The plaintiff Brian Thomas, a seventh grade student in the defendant's middle school, allegedly was injured when the broken leg of the chair on which he was sitting in the classroom came down on his finger and sliced off the tip of his finger. The chair allegedly was not properly bolted to the floor. The plaintiffs commenced this action in which they alleged, inter alia, that the defendant had notice of the chair's defective condition and failed to repair it. The Supreme Court granted the defendant's motion for summary judgment dismissing the complaint.
The evidence submitted by the defendant in support of its motion established, prima facie, that it did not have actual or constructive notice of the defective chair (see Gloria v MGM Emerald Enters., 298 AD2d 355, 356). No claim is made that the defendant created the defective condition.
In opposition, the plaintiffs raised a triable issue of fact as to whether the defendant had actual knowledge of a recurrent dangerous condition with respect to the condition of the chairs in the classroom and, therefore, whether it could be charged with constructive notice of each specific recurrence of the condition (see Erikson v J.I.B. Realty Corp., 12 AD3d 344, 345-346; McLaughlan v Waldbaums, Inc., 237 AD2d 335; Chin v Harp Mktg., 232 AD2d 601, 602). The principal of the middle school at the time of the accident stated in an affidavit that she knew that the chairs in the classroom needed to be repaired or replaced, and that she had discussed this with others in the school district prior to the accident. In addition, the custodian of the school testified at his deposition that there had been occasions when he had to tighten the bolts which affix the chairs to the floor.

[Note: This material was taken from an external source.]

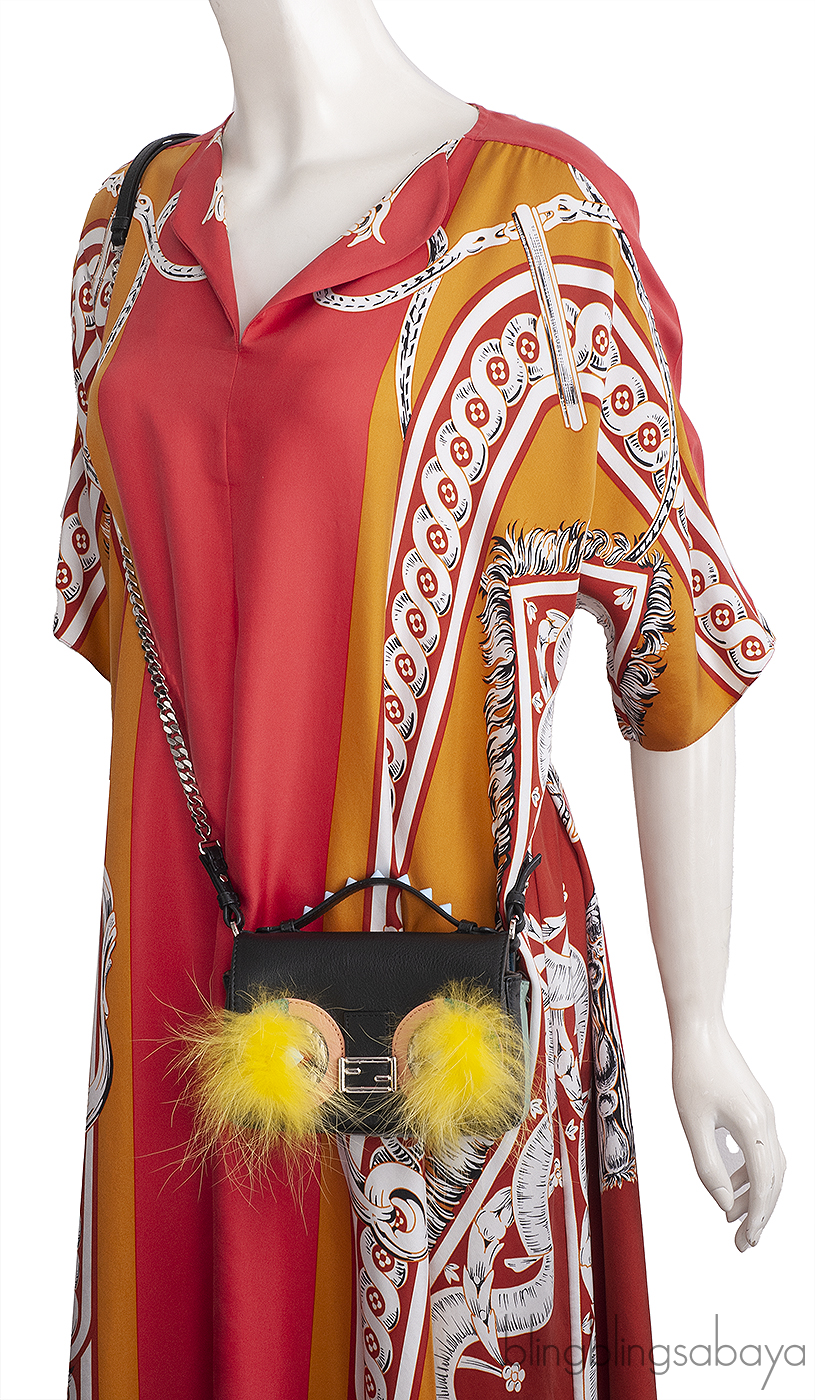 This Fendi Baguette Micro Double-Sided Monster Crossbody Bag is crafted from multicolor nappa leather accented with palladium hardware. This cute bag features a monster motif with flap magnetic closure with dyed yellow fur lashes, snakeskin leather around the eyes and signature FF logo hardware on flap. Interior is fully lined with suede with two major compartment and two card holders on one side and has wall pocket and roomy interior on the other side. This comes with spike accent top handle and long detachable chain and leather shoulder strap.

Moreover, an inference sufficient to raise a triable issue of fact as to notice should be drawn against the defendant for the failure to produce a report generated by the former principal regarding the accident, and incident reports completed by the principal and a teacher present at the time of the accident (see generally Gruntz v Deepdale Gen. Hosp., 163 AD2d 564, 566). Accordingly, the defendant's motion for summary judgment should have been denied.
SPOLZINO, J.P., COVELLO, ANGIOLILLO and CHAMBERS, JJ., concur.